What you give back should be exactly the lines from the one with "Тормозные колодки барабанные" through the end of the data, without the pictures.

*** Opening of Information given ***

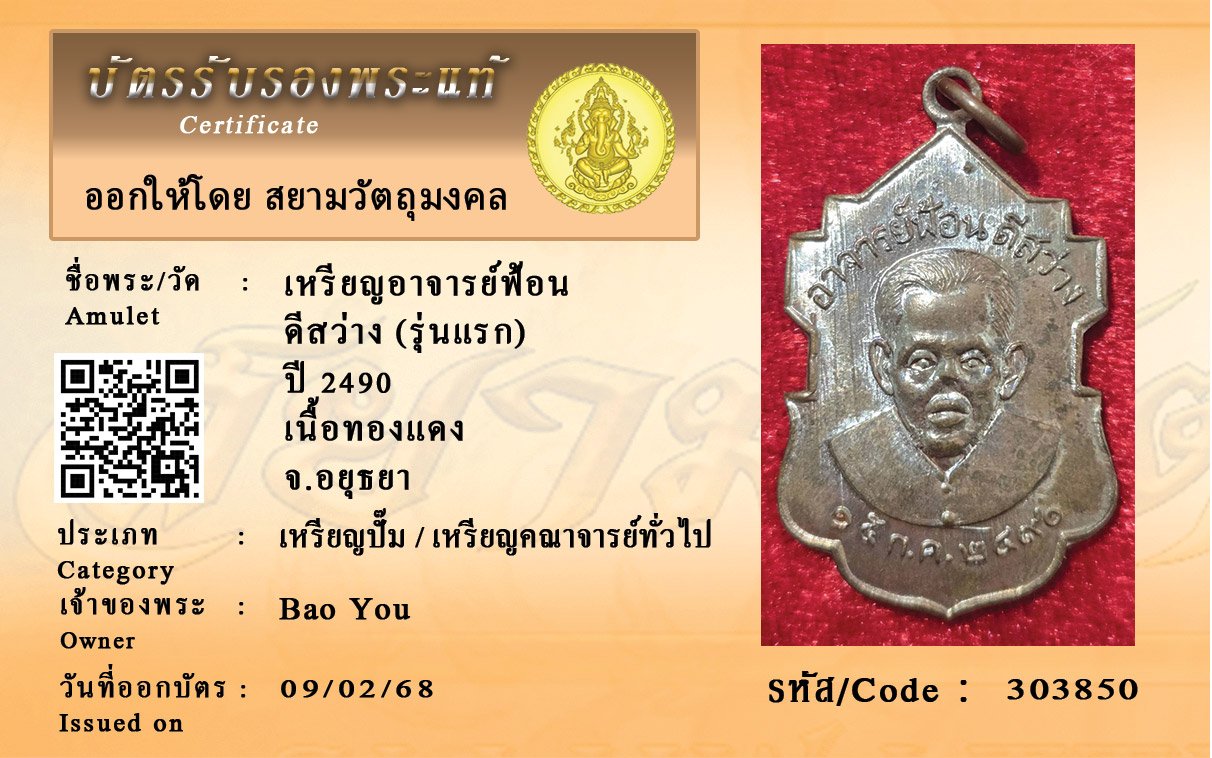 รหัสสินค้า : 303850 เหรียญอาจารย์ฟ้อน ดีสว่าง (รุ่นแรก) ปี 2490 เนื้อทองแดง จ.อยุธยา
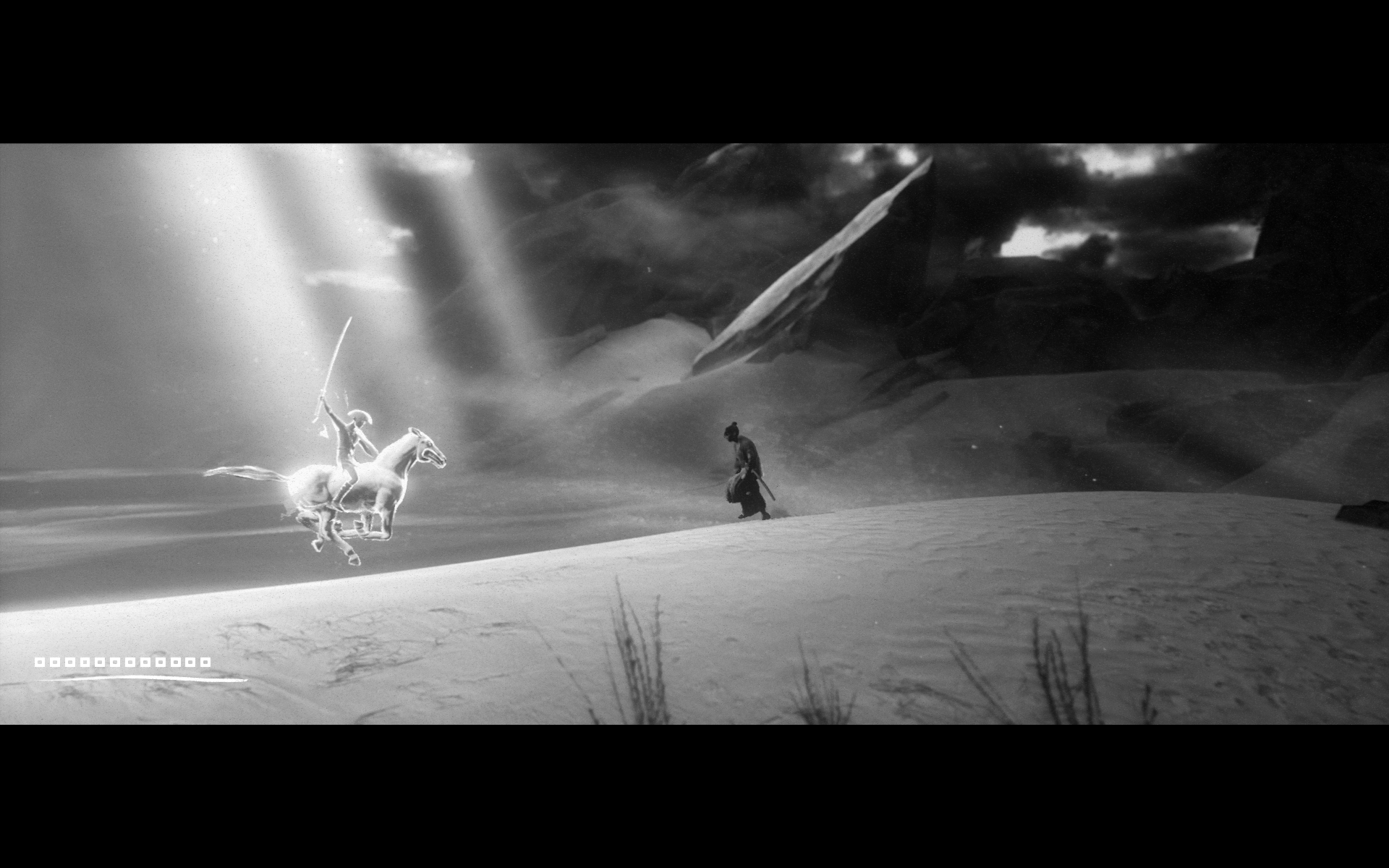 Боссы также не вызывают ответной страсти. Пока это люди или нечто похожее на гуманоида — правила боя «парируй-бей» работают. Но если протагонист сражается с неведомой зверушкой из японской мифологии (простите за спойлер!) — от них придётся только убегать или уклоняться, откусывая по чуть-чуть здоровья несколькими тычками катаны. Иногда выручает оружие дальнего боя в виде лука или порохового ружья, но боезапас ограничен.
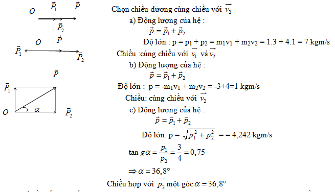 Hai vật có khối lượng m1 = 1 kg, m2 = 4 kg chuyển động với các vận tốc v1 = 3 m/s và v2 = 1 m/s. Tìm tổng động lượng ( phương, chiều và độ lớn) của hệ trong các trường hợp :
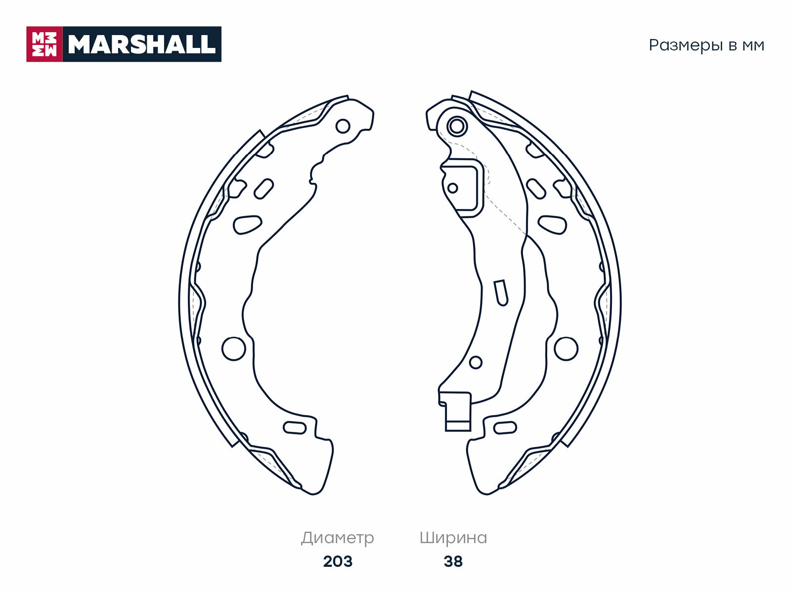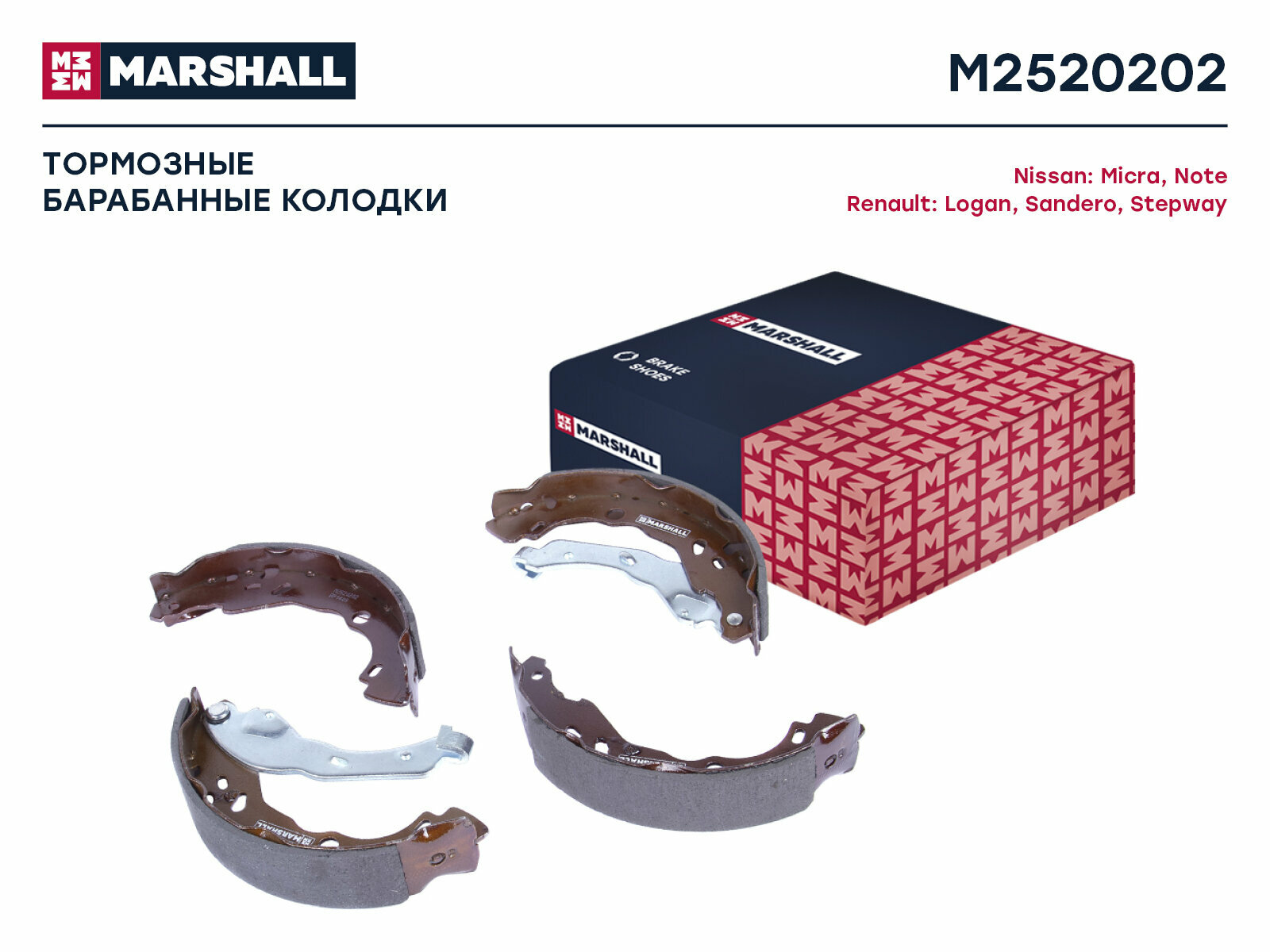 Тормозные колодки барабанные задние MARSHALL M2520202 для Nissan Micra IV, Nissan Note, Renault Logan I, Renault Sandero I // кросс-номер TRW GS8455
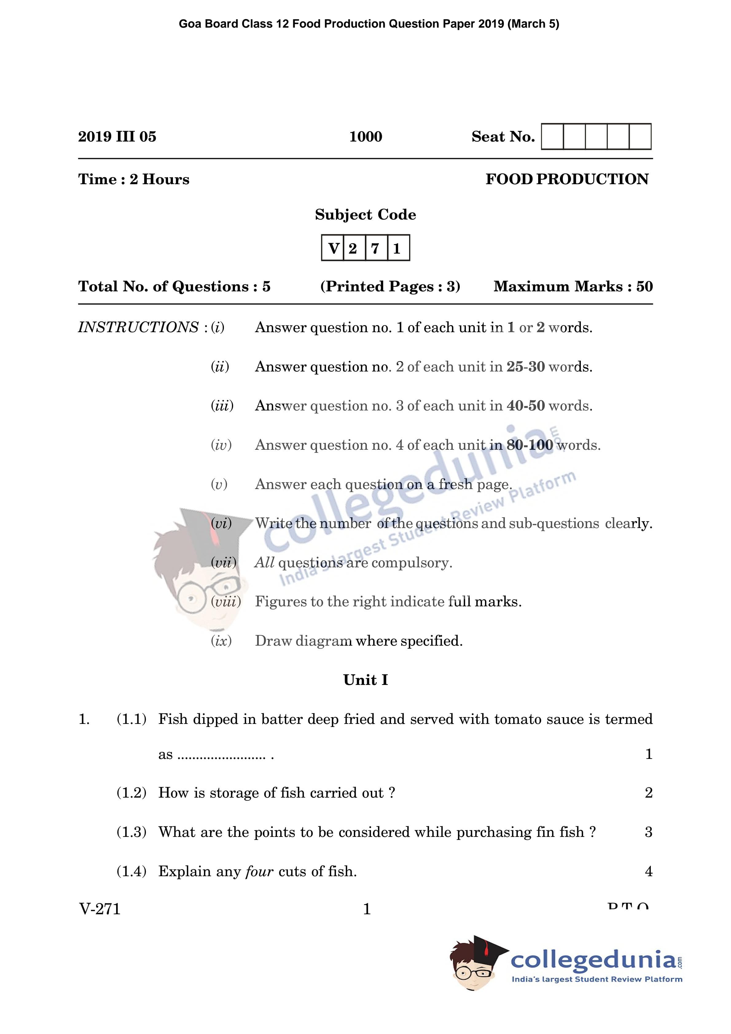 Goa Board HSSC Food Production Question Paper 2019 with Answer Key (March 5)

*** Close of Information given ***

Answer for the task
 Тормозные колодки барабанные задние MARSHALL M2520202 для Nissan Micra IV, Nissan Note, Renault Logan I, Renault Sandero I // кросс-номер TRW GS8455
 Goa Board HSSC Food Production Question Paper 2019 with Answer Key (March 5)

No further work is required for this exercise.